6 Historic Places Celebrating Black Entertainers and Artists

Whether it is inventing popular dance moves or creating an iconic tune, Black artists have been shaping the American experience for decades. Singers, actors, writers, and more have used their talents to create masterpieces still celebrated today. Places that represent these individuals can ensure that the legacy of their melodic lyrics, star performances, and insightful words lives on.

As a way of honoring these entertainers, this guide recognizes significant sites related to Black entertainers that have benefited from the National Trust’s African American Cultural Heritage Action Fund.

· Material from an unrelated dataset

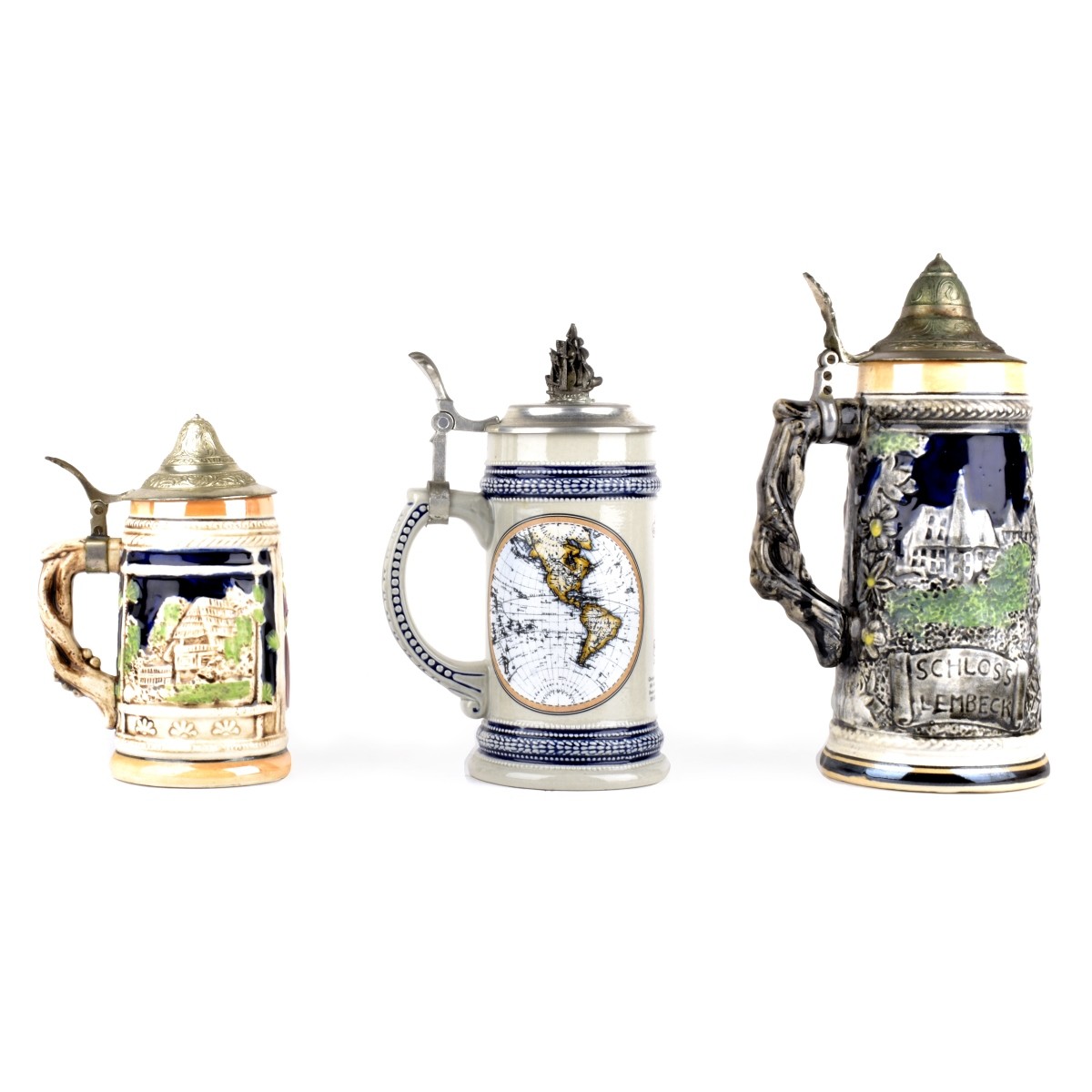 Grouping of Three (3) Vintage Porcelain Steins. Lot includes two German and one Japanese. Tallest measures 10-1/2", smallest measures 7". Condition: Good condition. Estimate: $50.00 - $100.00 Domestic Shipping: $76.00

  1. Southside Community Art Center (SSCAC) Chicago Illinois

    Photo By: Jacob Hand

    South Side Community Art Center

    This building, one of more than 100 art centers built during the Great Depression by the Works Progress Administration's Federal Art Project, was personally dedicated by Eleanor Roosevelt. Located on the South Side of Chicago, the art center played a pivotal role in jumpstarting the careers of many Black artists such as Gordon Parks, Charles White, William Carter, and Dr. Margaret Taylor Burroughs during the 20th century. The building still serves as an artistic hub today, showcasing and connecting residents to art through exhibits, lectures, and other programming. Thanks to a grant from the the Action Fund, the Art Center rehabilitated its historic wood windows and is planning a full restoration of their historic building.

  2. Muddy Waters Mojo Museum Inc, Chicago, Illinois

    Photo By: Klein and Hoffman

    Muddy Waters House

    Known as the “Father of Modern Chicago Blues,” Muddy Waters lived in this home for 20 years. Waters’ 1889 home was often used as a rehearsal studio and a temporary stay for musicians, and now it will be transformed into a museum and community center. Led by Waters’ great-granddaughter, Chanda Cooper, the project is supported by a $50,000 grant from the National Trust to help stabilize the home of the six-time Grammy-award winning musician into the Muddy Waters MOJO Museum. The home-turned-museum will also include a small performance venue, community garden, and recording studio.

  3. Historic Roxbury

    Photo By: Alexa Carter

    Roxbury Cultural District

    The Historic Roxbury neighborhood is home to many historic places and landscapes that acknowledge Black American cultural heritage from the 20th and 21st century. With significant connections to jazz music and the Civil rRghts movement, the neighborhood boasts notable sites such as Hibernian Hall, Roxbury Heritage State Park, and Eliot Burying Ground. The district is in the process of elevating the arts through economic development, community programming, and more.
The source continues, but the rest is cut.